Well, for starters, I want to learn. I'm of the type of person who always learns just enough to get into trouble. I can't necessarily create my own stuff, but I can usually figure out how to modify existing things. Or, failing that, I usually know the right people to ask questions to. Occasionally, they're the right questions to the right people.

A central part of the ethos of BarCamp is participation: Everyone has to do a presentation, or help out with one.

This gave me a little trouble. I don't think talking about LED flashlights or kickball would be very useful. I can regurgitate the conventional wisdom and platitudes around social media as good as anyone else ("Blogs are conversations!"), though that seems pretty useless.

I could help out with someone else's presentation (provided all you need someone to click the mouse on cue), I guess, but that seemed like cheating. As a last resort, I could help move stuff, but I'm not really the best person to lift heavy things.

So, my primary defining attribute is the fact that I'm not very technical. How do I bust out the aikido-like moves and best turn that weakness into a strength?

The answer I came up with is to provide a non-technical perspective to the technology.

While I'm not very technical, I am pretty good at synthesizing information, and explaining it to folks who are even less technical than me (in the process, hopefully distilling it down to concepts that are useful and understandable to anyone. Even regular people. And managers.)

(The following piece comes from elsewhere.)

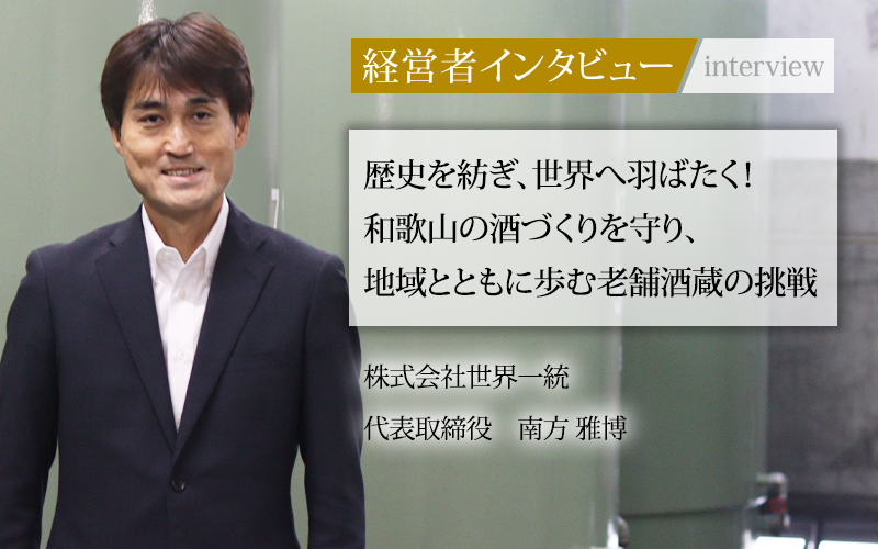 南方雅博/1975年、和歌山県生まれ。慶應義塾大学卒業。ものづくりの世界に興味をひかれ、建築物を作品と呼ぶ株式会社竹中工務店に入社。人事・工事現場・営業に8年間従事。2007年、家業である株式会社世界一統に入社。自社ブランドとして、日本酒は自らの名前でもある「南方」、リキュールは和歌山県産果実使用「和歌のめぐみ」を立ち上げる。現在は17か国に輸出し、大きな柱に成長。地元では全酒類卸売業も展開している。

I'm not really planning on doing a formal presentation -- definitely no damned Powerpoint slides. What I want to do is a casual conversation, covering a few basic topics:

* Explaining Blogging & Social Media to Non-Bloggers:
* Moving People Along the Reader > Commenter > Blogger Continuum
* Encouraging Companies to Blog
* And, if all else fails, provide a Worker Bee's Perspective of Corporate Blogging

That's about it. I will plan on keeping it short, so people can attend more useful discussions.


1 comment:

Anonymous said...

The edge-enhanced picture of you on the journals site is keen. I've saved it for posterity, you never know when blackmail^Whistory can turn out to be useful.